Lombard was born Jane Alice Peters in Fort Wayne, Indiana. Her parents were Frederick C. Peters (1875-1935) and Elizabeth Knight (1877-1942). Her paternal grandfather, John Claus Peters, was the son of German immigrants, Claus Peters and Caroline Catherine Eberlin. Lombard was the youngest of three children, having two older brothers. She spent her early childhood in a sprawling, two-story house at 704 Rockhill Street in Fort Wayne, near the St. Mary's River. Her father had been injured during his early life and was left with constant headaches which caused him to burst out in paroxysms of anger which disturbed the family. Her parents divorced and her mother took the three children to Los Angeles in 1914, where Lombard attended Virgil Jr. High School and then Fairfax High School. She was elected "May Queen" in 1924. She quit school to pursue acting full-time, but graduated from Fairfax in 1927. Lombard was a second generation Bahá'í who formally enrolled in 1938.
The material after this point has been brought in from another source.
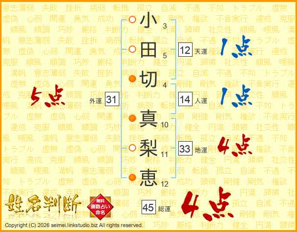 小田切真梨恵さんの総運は45画の4点!
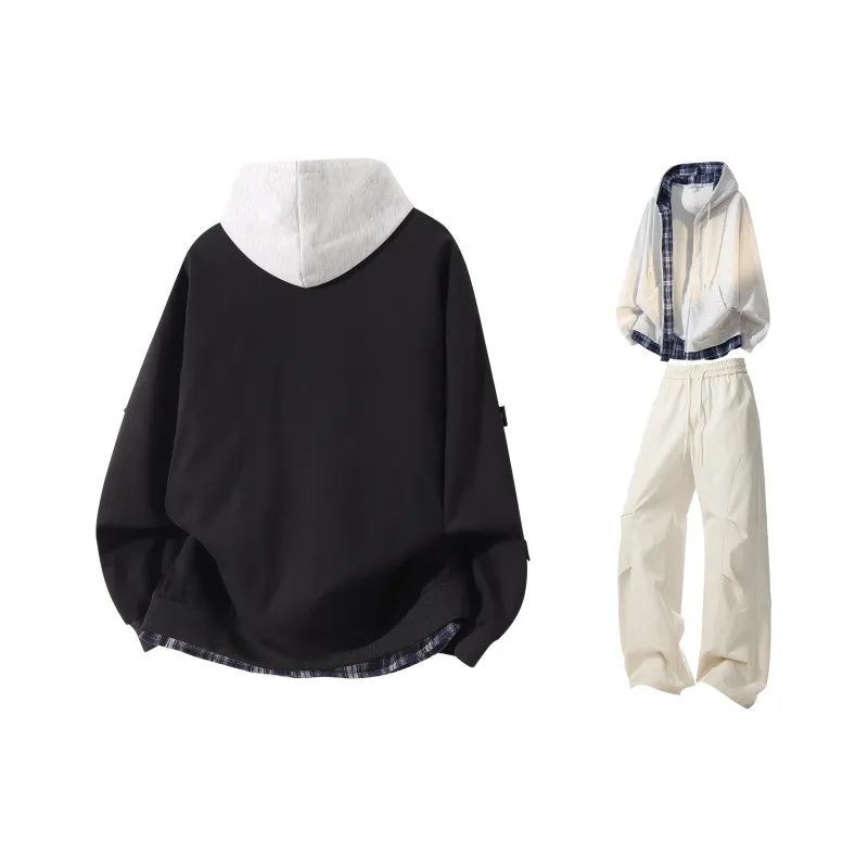Чёрный+Белый Фотиния Серый Свитшот+Чёрные Штаны

Lombard made her film debut at the age of twelve after she was seen playing baseball in the street by director Allan Dwan; he cast her as a tomboy in A Perfect Crime (1921). In the 1920s, she worked in several low-budget productions credited as 'Jane Peters', and then later as 'Carol Lombard'. Her friend Miriam Cooper helped Lombard land small roles in her husband Raoul Walsh's films. In 1925, she was signed as a contract player with Fox Film Corporation (which merged with Daryl Zanuck's Twentieth Century Productions in 1935). She also worked for Mack Sennett and Pathé Pictures. She became a well-known actress and made a smooth transition to sound films, starting with High Voltage (1929). In 1930, she began working for Paramount Pictures after having been dropped from both Twentieth Century and Pathé.